Petznick acknowledged this contextual argument (id. at 685), but excused the instruction’s fatal omission (no admonition that motive alone does not prove guilt) with the observation that the instruction serves an “additional purpose of clarifying that motive is not an element of a crime.” (114 Cal.App.4th 663, 685.) Additional purpose or not, the problem in the instruction’s comparative wording remains the same for the jury. Unfortunately, Petznick did not resolve it. Defendant’s claim is not directed at the instruction’s purposes, but at its likely impact on the jury.
In a recent capital appeal, this Court briefly rejected a contextual attack on the motive instruction by finding the claim “merely goes to [its] clarity[.]” (People v. Cleveland (2004) 32 Cal.4th 704, 750.) But defendant’s complaint is not that the instruction was insufficiently clear; it is that, in context, the instruction all too reasonably allowed the jury to infer his intent to kill (for practical purposes here, his guilt; App. A 25) based on motive alone.
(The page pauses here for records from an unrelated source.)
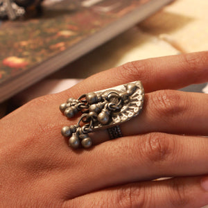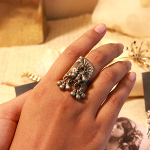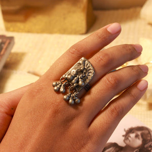 The Mayurvasini Ring features a rectangular oxidized surface embossed with a graceful peacock motif. Dangling ghungroos add a touch of movement to this piece, making it a vibrant addition to your jewelry collection.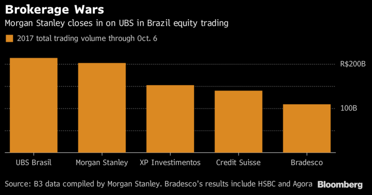 O Morgan Stanley, primeiro em trading de ações no ranking mundial, aumentou participação nesse nicho no Brasil de 11% nos primeiros três trimestres do ano passado para 12,8% neste ano até 6 de outubro. Em 2013, a fatia era de 7,7%. A diferença em relação ao líder UBS passou de 3,7 pontos percentuais em 2016 para 0,8 ponto percentual.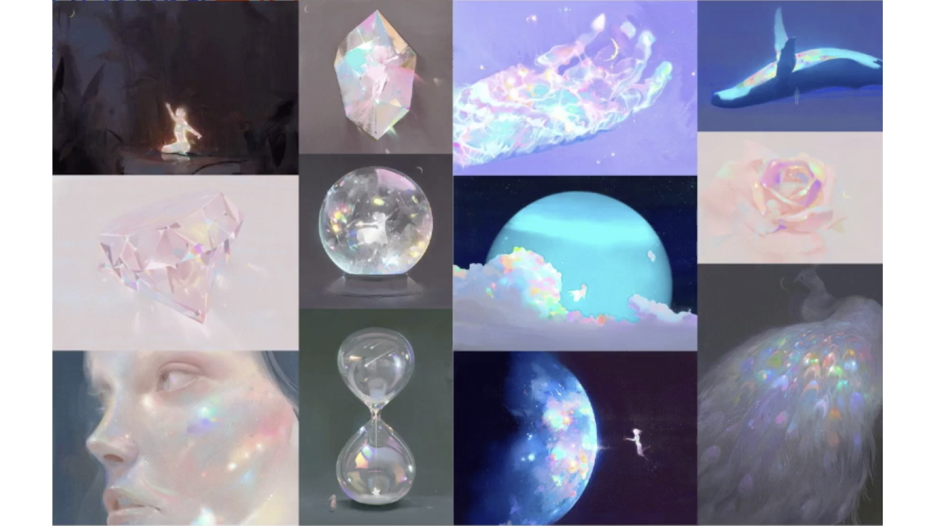 这组作品,中下游的个人风格开始确立了,添加了五彩斑斓的颜色。这个风格其实来源于石头「欧泊」,一种流光溢彩的石头。黑暗中有一些流光溢彩,每个人虽然都很渺小,但都有发光的时刻。你可以在画面中感受到毁灭与希望并存的感受。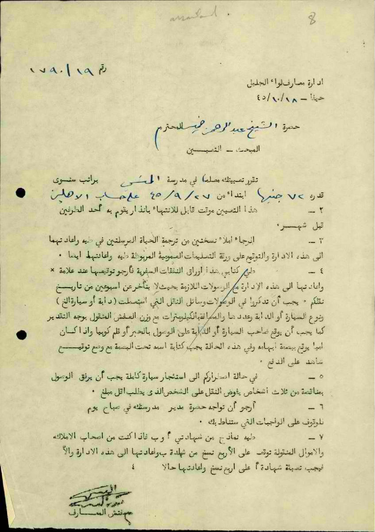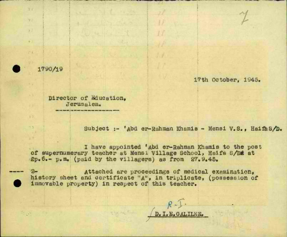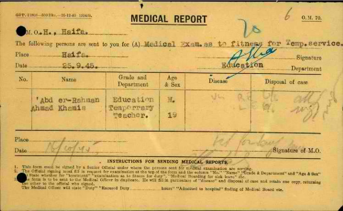 رسالة من مفتش المعارف إلى إدارة المعارف يخبر بتعيين المعلم عبد الرحمن أحمد خميس (غزاوي)مرفقا التقرير الطبي للمعلم

More recently, a pair of Court of Appeal decisions relied on the precise reasoning argued by defendant, albeit in another context. In People v. Bell (2004) 118 Cal.App.4th 249, Division Three of the First District found prejudicial error in CALJIC No. 2.28 as given (re late disclosure of defense witness statements). The court found the same comparative, contextual analysis “[s]ignificant[]”:
Significantly, other instructions [CALJIC Nos. 2.03, 2.04, 2.05, 2.06, 2.52] that address a defendant’s consciousness of guilt “ma[k]e clear to the jury that certain types of deceptive or evasive behavior on a defendant’s part could indicate consciousness of guilt, while also clarifying that such activity was not of itself sufficient to prove a defendant’s guilt, and allowing the jury to determine the weight and significance assigned to such behavior. The cautionary nature of the instructions benefits the defense, admonishing the jury to circumspection regarding evidence that might otherwise be considered decisively inculpatory.” (People v. Jackson [(1996)] 13 Cal.4th [1164,] 1224, italics added.) No such clarification was included here. As a result, the jurors may have concluded they were free to find Bell guilty merely because he failed to comply with the discovery statute.
(118 Cal.App.4th at 256, original italics; underscoring added; followed by Fifth District in People v. Cabral (2004) 121 Cal.App.4th 748.)
Defendant urges review to examine the Bell and Cabral reasoning in light of the motive instruction issue.